Whether or not you're allowed to include non-particle-number-conserving terms in your Hamiltonian has nothing to do (at the mathematical level) with whether your system is relativistic or not - it has to do with what Hilbert space you're using. If your Hilbert space takes the form $\mathcal{H} = \otimes_{i=1}^n \mathcal{H}_1$, where $H_1$ is a single-body Hilbert space (e.g. the space of $L^2$-norm complex functions on $\mathbb{R}^d$), then it can only describe states with exactly $n$ particles. Therefore a term like $a^4$ isn't even a linear operator on this Hilbert space at all (because it takes you out of the Hilbert space) so it wouldn't make any sense to include it in your Hamiltonian, which must be a linear operator on the Hilbert space.
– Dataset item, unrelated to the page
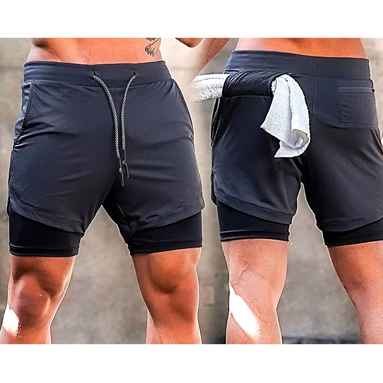 Kit 2 Bermudas 2 em 1 Para Academia Masculinas

On the other hand, if your Hilbert space, say, takes the form $\mathcal{H} = \oplus_{n=0}^\infty (\otimes_{i=1}^n \mathcal{H}_1)$, then it contains different "sectors," each of which consists of a definite number of particles. On this Hilbert space, a term like $aaaa$ makes perfect sense - it takes a state in the $n$-particle sector to the $n-4$-particle sector. All this is equally true whether or not your system is relativistic.

That's all math, now here's the physics. Fundamental particles with mass $m$ can only be created or destroyed in processes involving energies greater that $m c^2$ - scales that are common in relativistic situations. So empirically, elementary particle number changes all the time in high-energy situations. So a fixed-particle-number Hilbert space just isn't powerful enough to accurately describe high-energy physics.

On the other hand, if you're working with an $n$-body nonrelativistic system where $n$ is reasonably small (like, say, five), then you can describe the system using the usual many-body Hilbert space $(\mathbb{R}^{d})^n$. Since the system is nonrelativistic, the particle number won't change, so you can get away with just using a fixed-particle-number Hilbert space.

If you want to tackle a truly many-body nonrelativistic condensed-matter system, where $n \sim 10^{23}$, then particle number will be conserved but the Hilbert space will be completely intractably gigantic. So in practice you restrict yourself to the lowest few excited states which only have a few quasiparticles, and you work in the many-quasiparticle Hilbert space (where now "many" means "more than one, but not a huge number"). However, empirically, quasiparticle number can change in many condensed-matter systems (most notably superconductors), so you again need to work in the indefinite-particle-number Hilbert space.